The University of Vermont Institutional Review Board (IRB) supports two committees through which cancer-related research is reviewed: 1) the Committee on Human Research in the Medical Sciences (CHRMS) and 2) the Committee on Human Research in
the Behavioral Sciences (CHRBS). The former is the committee through which all treatment and prevention trials are reviewed, and the latter through which most cancer control/ behavioral research is reviewed. The relationship between PRMC and IRB is collegial
and is facilitated by written exchange. The PRMC and IRB are considered to perform complementary rather than sequential or identical functions. Although IRB submission and review is not a precondition, a cancer-related study cannot be activated within
the Institution unless it is approved by both committees. When the IRB reviews a cancer-related protocol, an "Approval" must be received from the University of Vermont Cancer Center's PRMC prior to accrual of any subjects or commencement of any part of
the protocol. Failure to accept the conditions of joint approval can result in immediate suspension of the protocol by either committee.

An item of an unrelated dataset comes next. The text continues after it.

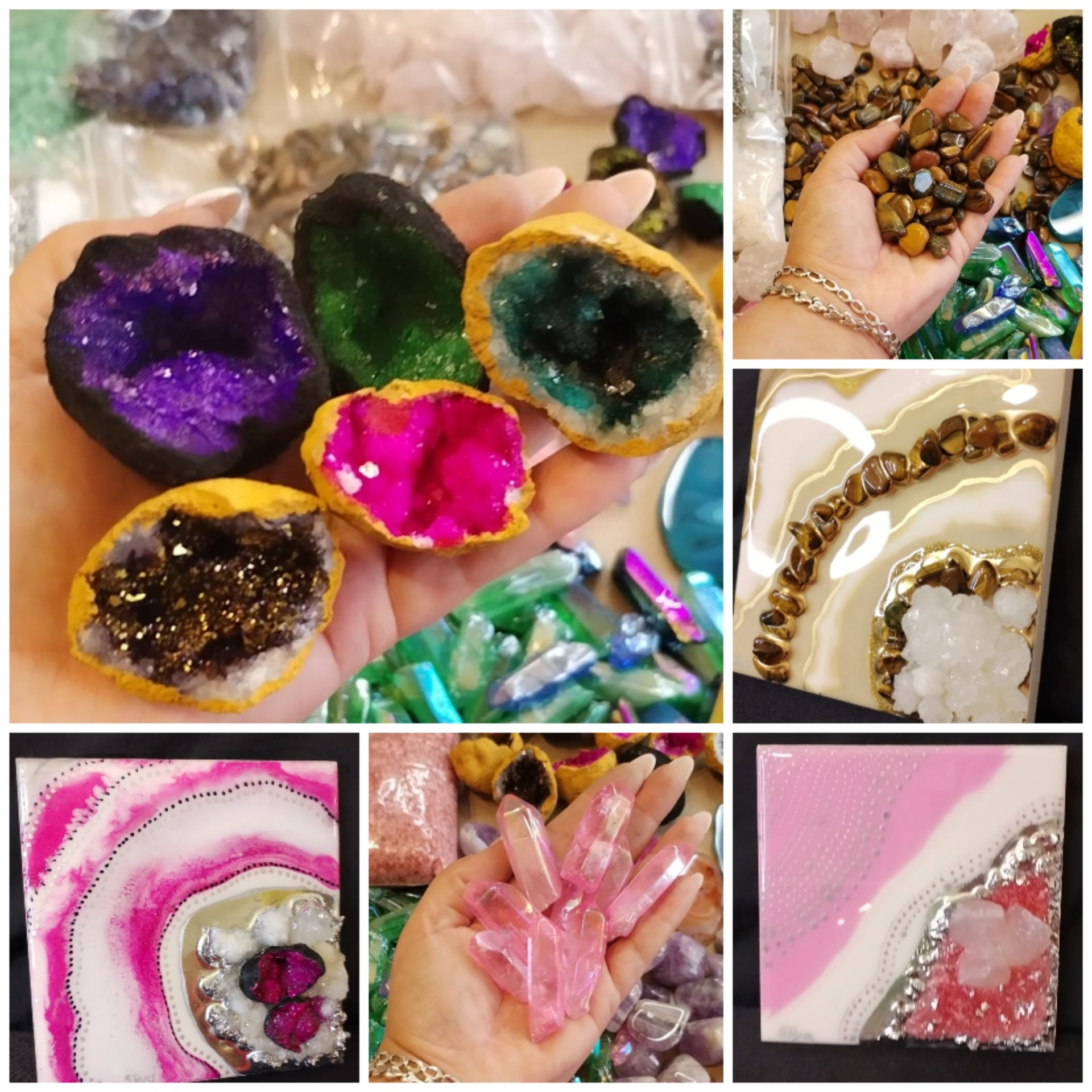Ezért festményeink főként epoxy gyantából, kristályokból, geódákból és üveg kristályokból készülnek.

Relationship/Interface of PRMC and IRB Review and Oversight
As previously stated, the relationship and interface between the Cancer Center's Protocol Review and Monitoring Committee and the IRB is complimentary but not overlapping. In its review, the PRMC considers factors that the IRB does not consider, such
as relevance to the Center's programmatic goals as well as availability and demand on Cancer Center resources. In general, the IRB focuses on the informed consent and the risk/benefits to human subjects rather than scientific merit or programmatic
or institutional priority.
Regarding oversight, the PRMC, through the Cancer Center's Office of Clinical Research and Clinical Research Management Core, is charged with monitoring studies on an ongoing basis. Investigators are required to
submit quarterly reports to the UVMCC CTO office. This allows periodic monitoring for low or excessive accrual based upon stated accrual objectives. The ongoing monitoring done by the IRB includes the submission of an annual report to include any significant
changes in the protocol/consent, patient safety and accrual.